Oyezl Oyezl Oyez! All persons having business before the honorable, the Supreme Court of the United States are admonished to draw near and give their attention, for the court is now sitting. God save the United States and this honorable court.
The summer vacation ended with the traditional cry of the marshal. And the very haste with which the court hustled through ceremony and got down to its closed-door business testified to its crowded calendar. The nine blackrobed justices spent just 24 minutes admitting 70 new attorneys to practice before them; then they retired to their spacious, book-lined conference room. There they devoted the rest of the week to deciding which of the appeals and petitions that had piled up during the summer merit consideration. By their choice of cases, the justices would determine the issues they will be ruling on in months ahead. “We are very quiet there,” Justice Oliver Wendell Holmes once said. “But it is the quiet of a storm center.”
When they gather to consider which cases to review—perhaps 30 or 35 out of a record submission of 613 this summer—the justices shake hands all around to symbolize their unity of purpose. They sit at the conference-room table with Chief Justice Earl Warren at the head and Hugo Black, most senior in length of service, at the other end. No one else is permitted in the room while the court is deliberating. If someone knocks at the door, it is opened by the junior justice, now Arthur Goldberg. The justices come to the conference prepared with a list of the cases to be taken up that day; they present their views in order of seniority, the Chief Justice speaking first. Voting is done in reverse order—Goldberg first, Warren last. An application for review is accepted whenever at least four justices vote to consider it—the court feels a majority is unnecessary for acceptance.

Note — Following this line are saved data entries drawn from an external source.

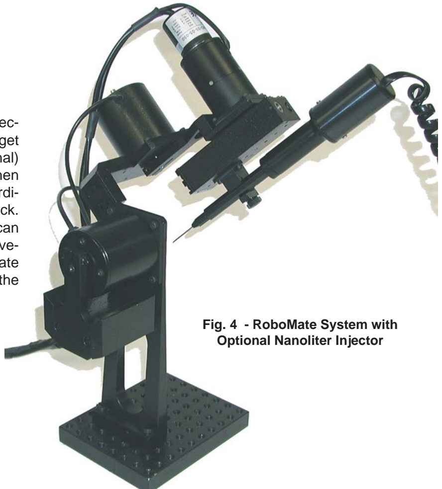
Fig. 4 - RoboMate System with Optional Nanoliter Injector

Software control over the movement of RoboMate can also be achieved using a Windows 2000/XP based GUI.
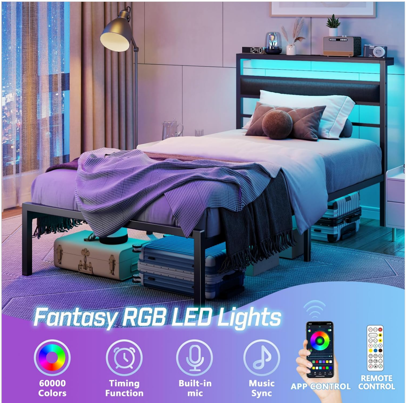
Image Description: A bedroom scene showcasing the bed frame with its RGB LED lights set to a purple hue, creating a dynamic and colorful ambiance. The image highlights the lighting feature for gaming or relaxation.
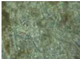
Microbe population 48 hours after application of Organic Gem™ *

There is no petrochemical fertilizer that can do this!
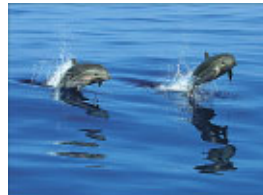
Fraser's Dolphins (1)

This week the court returns to public session to hear oral argument on cases that came before it during the last term. Most important questions involved:
∙ DISCRIMINATION. Does it violate the Federal Constitution when state or local police powers are used to enforce race discrimination in privately owned public accommodations? The court will consider five related cases of civil rights demonstrators arrested on trespass charges at a restaurant and an amusement park in Maryland, lunch counters in South Carolina and Florida. Since a ban on discrimination in public accommodations is part of President Kennedy’s pending civil rights bill, the court may sidestep the broad issue, overrule the trespass convictions on narrow grounds.
∙ OBSCENITY. When may governmental authorities censor or ban a book or movie without breaching the First Amendment? In two separate cases, involving bans on Henry Miller’s Tropic of Cancer and the French movie The Lovers, the court may try to clear up the muddle created by past Supreme Court decisions on obscenity.
∙ THE FIFTH AMENDMENT. Does the Fifth Amendment’s self-incrimination clause (“nor shall any person … be compelled in any criminal case to be a witness against himself”) apply to state proceedings? The question comes up squarely in the case of William Malloy, a Connecticut convict who pleaded the Fifth Amendment when a state board questioned him about gambling in which he had been involved.
∙ LEGISLATIVE APPORTIONMENT. What criteria should federal courts apply to state apportionment systems? Last year’s historic Baker v. Carr decision, which brought state legislative apportionment within the jurisdiction of federal courts, laid down no guidelines. In six cases from four states, the court will have chances to clarify its 1962 opinion.